Keep in mind that I'm not making this stuff up all on my own. Others have said essentially the same thing:

I still say you are unable to calculate the charge.

If the NEETS manual is correct where it equates a deficiency (or surplus) of 6.28x10^18 electrons with 1 volt, then the number of electrons necessary to produce the voltages mentioned above are easily calculated. Here's the quote from the manual:

"When a charge of one coulomb exists between two bodies, one unit of electrical potential energy exists, which is called the difference of potential between the two bodies. This is referred to as ELECTROMOTIVE FORCE, or VOLTAGE, and the unit of measure is the VOLT."

"A difference of potential can exist between two points, or bodies, only if they have different charges. In other words, there is no difference in potential between two bodies if both have a deficiency of electrons to the same degree. If, however, one body is deficient of 6 coulombs (representing 6 volts), and the other is deficient by 12 coulombs (representing 12 volts), there is a difference of potential of 6 volts. The body with the greater deficiency is positive with respect to the other."

So the lowest point on the trough of the wave shown, if we assume it is 100 volts below ground, indicates a surplus of 100 x 6.28x10^18 free electrons (relative to ground) at the spot indicated by the arrow at that point in time.

 

There is no point in me trying to explain it to you. You are wrong and you can't see it because you don't have the background. You are misinterpreting those references. The references are correct but your interpretation of them is wrong. This is exactly why we don't teach this stuff to amatuers and beginners.

I've actually already answered all of these questions if you really are interested in my answers. Just go back and fail to understand them again.

 

Gerry,

The plate surface area, the internal lead to the exterior tube terminal, the conductor that goes to the bottom of the resistor................all of this surface area has the same density.

All of my comments so far have been for DC steady current.

When a current changes magnitude, the current generates an electric voltage field and a magnetic field.................that opposes the power supply field.

When you sum those two voltages................you will get the output(signal) voltage at the bottom of the resistor.

The current's E and M field, working against the power supply E and M field is the basis for circuit operation.

I think at this point, changing current would be hard to grasp.

Neets is meant to explain electronics, not physics(everyone is looking for that book).

If you want to think that electrons pile up at the entrance to a resistor.............that's fine.

Many people work with electronics all their lives and not know.

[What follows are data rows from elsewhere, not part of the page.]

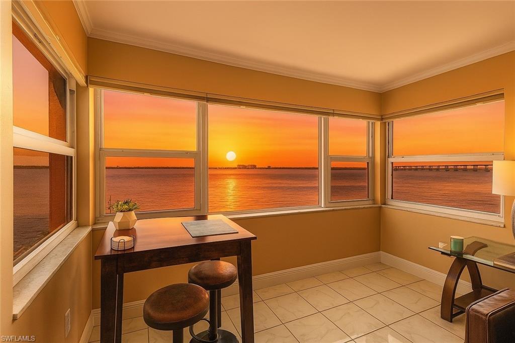 Breathtaking Sunsets & Million-Dollar Views--Without the Price Tag! Step into this beautiful Turnkey, 2-bedroom, 2-bath home on the 4th floor and take in sweeping big-water views that will leave you in awe. This waterfront gem features a kitchen with granite countertops & stainless steel appliances. The guest bedroom includes a versatile Murphy bed/desk system. The unit as a whole has stylish tile flooring throughout, and convenient in-unit laundry. Located in a highly desirable, low-density building in the heart of downtown—just blocks from premier shopping, dining, and entertainment. White sand beaches and the Southwest Florida International Airport are within comfortable driving distance. Savor your mornings with coffee or unwind with evening cocktails as you watch boats drift by, pelicans dive, and dolphins play—right outside your window. You couldn’t be closer to the water unless you were in it! Live the ultimate Florida lifestyle in this one-of-a-kind waterfront residence!
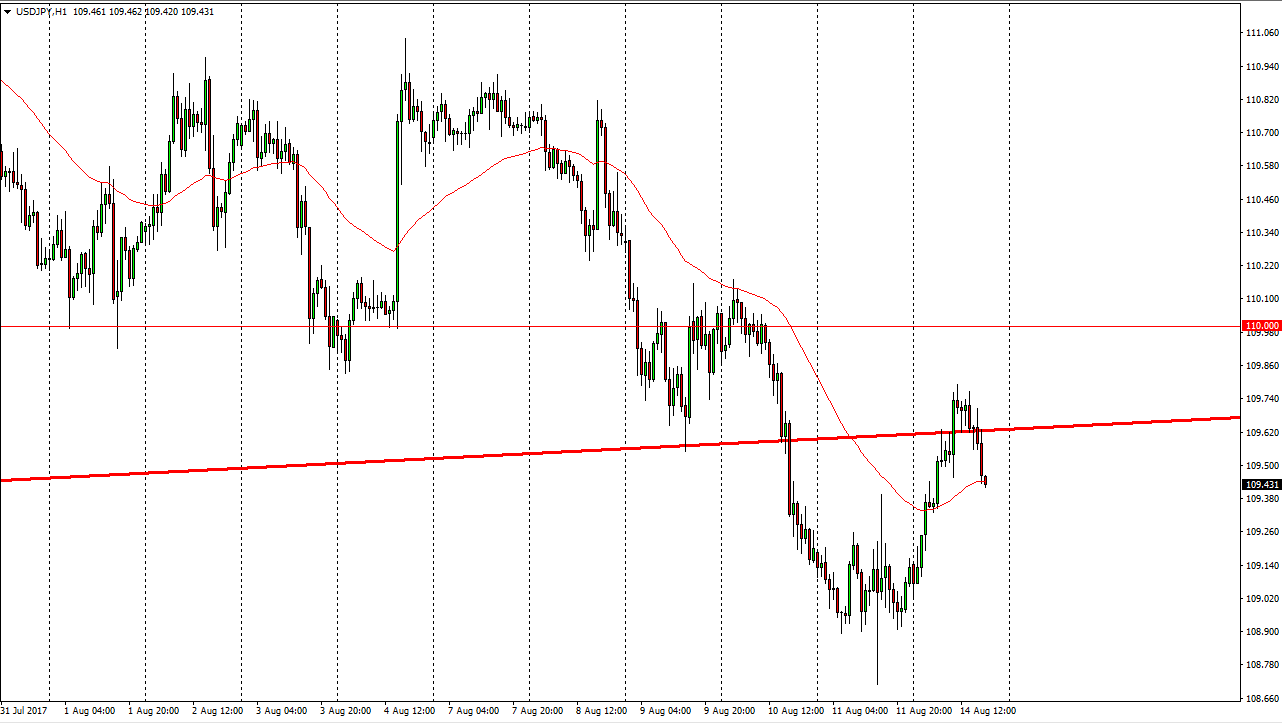 The US dollar fell against the Japanese yen after initially surging much higher during the day on Monday. We are testing an uptrend line that had been broken, so if we can break above the 110 handle, this market should be very bullish. Ultimately, I think that a move above there should send this market looking towards the 112.50 level. Alternately, we could find ourselves drifting lower from here, and quite frankly I think it comes down to the risk appetite of traders around the world. A lot of this has been due to the North Korea nonsense, which seems to be cooling down finally. Because of this, it looks like the safety trade may be abating a bit, and with that being the case I think we will start to focus on the interest rate outlook of the United States and Japan. That favors the US dollar in general, and I think that the breaking above the 110 level will bring in a fresh batch of buying orders.
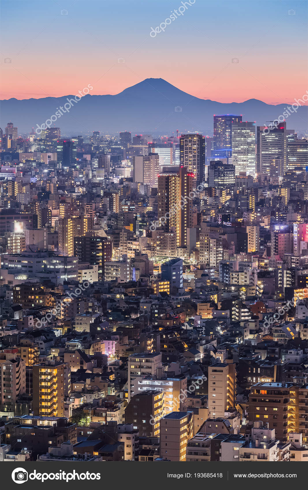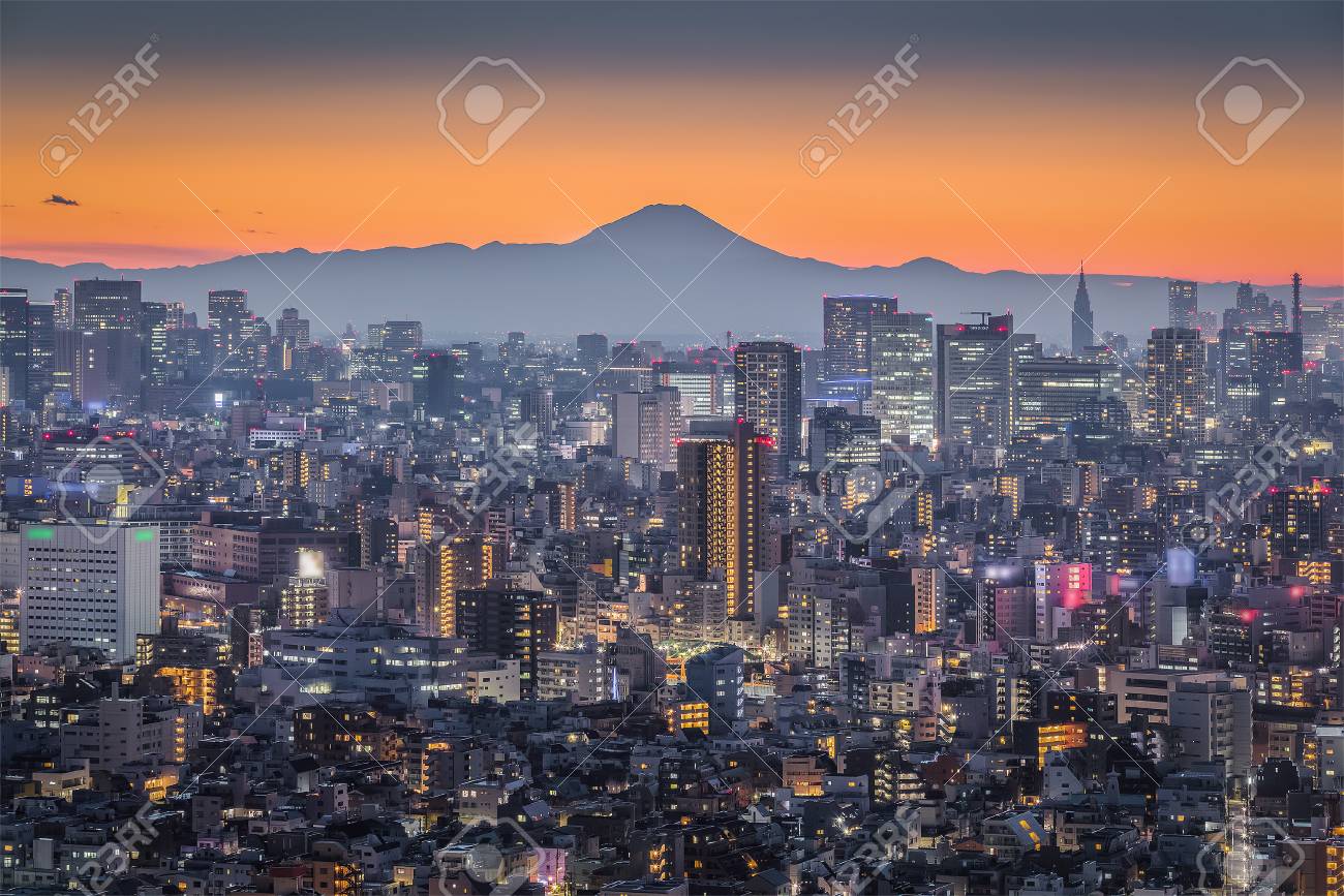 Tokyo Night City View Mountain Fuji Mount Fuji Lies 100 Stock Photo C Torsakarin 179505630
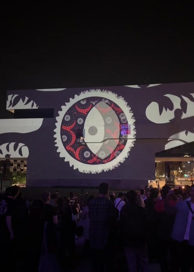 crowd of people at night watching images projected onto the facade of a modern building. The images include black-and-white symmetrical patterns, an eye-shaped design, and silhouettes of horses with floral motifs. The building has a modern, blocky design, and street lights are visible in the background. People in the crowd are standing, talking, and looking at the projections. Some are holding drinks. The sky is dark.
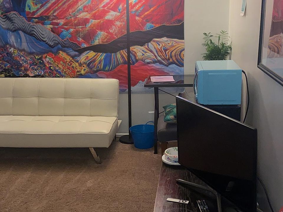 Beach is 8 blocks away. Massive bedroom with private bath and entrance. Walk in closet. Can fit queen bed, desk, couch, exercise equipment. Shower and bathtub. 306 square feet. Window faces south side. Storage available garage for bike. No pets. Utilities are shared.
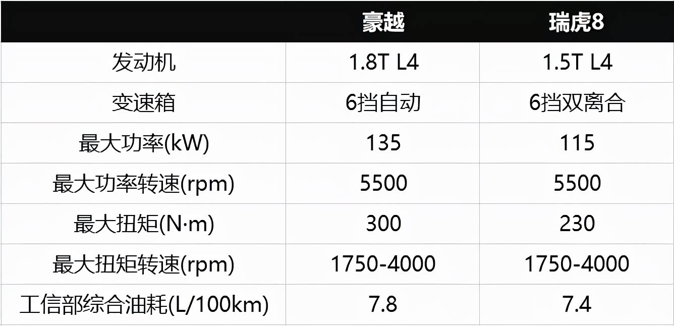 不可否认,虽然豪越在车身尺寸上比瑞虎8高半级,但在动力上却明显低半级。

They do not need to know.

It works and they can work.

If your need for understanding is greater, you must study the very basics.

Your time is never wasted there.

By the way......the number of electrons that fly from the cathode to the plate, they flow thru the resistor. They do not get in line and wait.

Here's a tip. A power supply, conductors and electronic components............does not make a circuit.

Only current, can make a circuit. Current has entity.

 

If you want to think that electrons pile up at the entrance to a resistor.............that's fine.

It's fine as long as he does not engage in fantasy. When he claims that there are many Coulombs of charge accumulation, he is misleading himself and others. So, that is not fine at all. He is going backwards with this approach. The more he studies, the less he knows and the further he gets from the truth.

When the charge might be 1 nanoCoulomb, for example, it is better to get it wrong and think the answer is zero than to get it wrong and think the answer is 10 Coulomb's. Why do I say this? Because if the charge is zero, forces are zero. If the charge is 1 nanoCoulomb, the forces are insignificant and we would never feel them, and we need a super-sensitive measurement system to even know about. If the charge is 10 Coulombs, the electrons are ejected from the surface of the metal in a corona discharge, or an arc discharge. If the 10 Coulomb could be held on the metal, which is impossible of course, the circuit would literally explode to pieces.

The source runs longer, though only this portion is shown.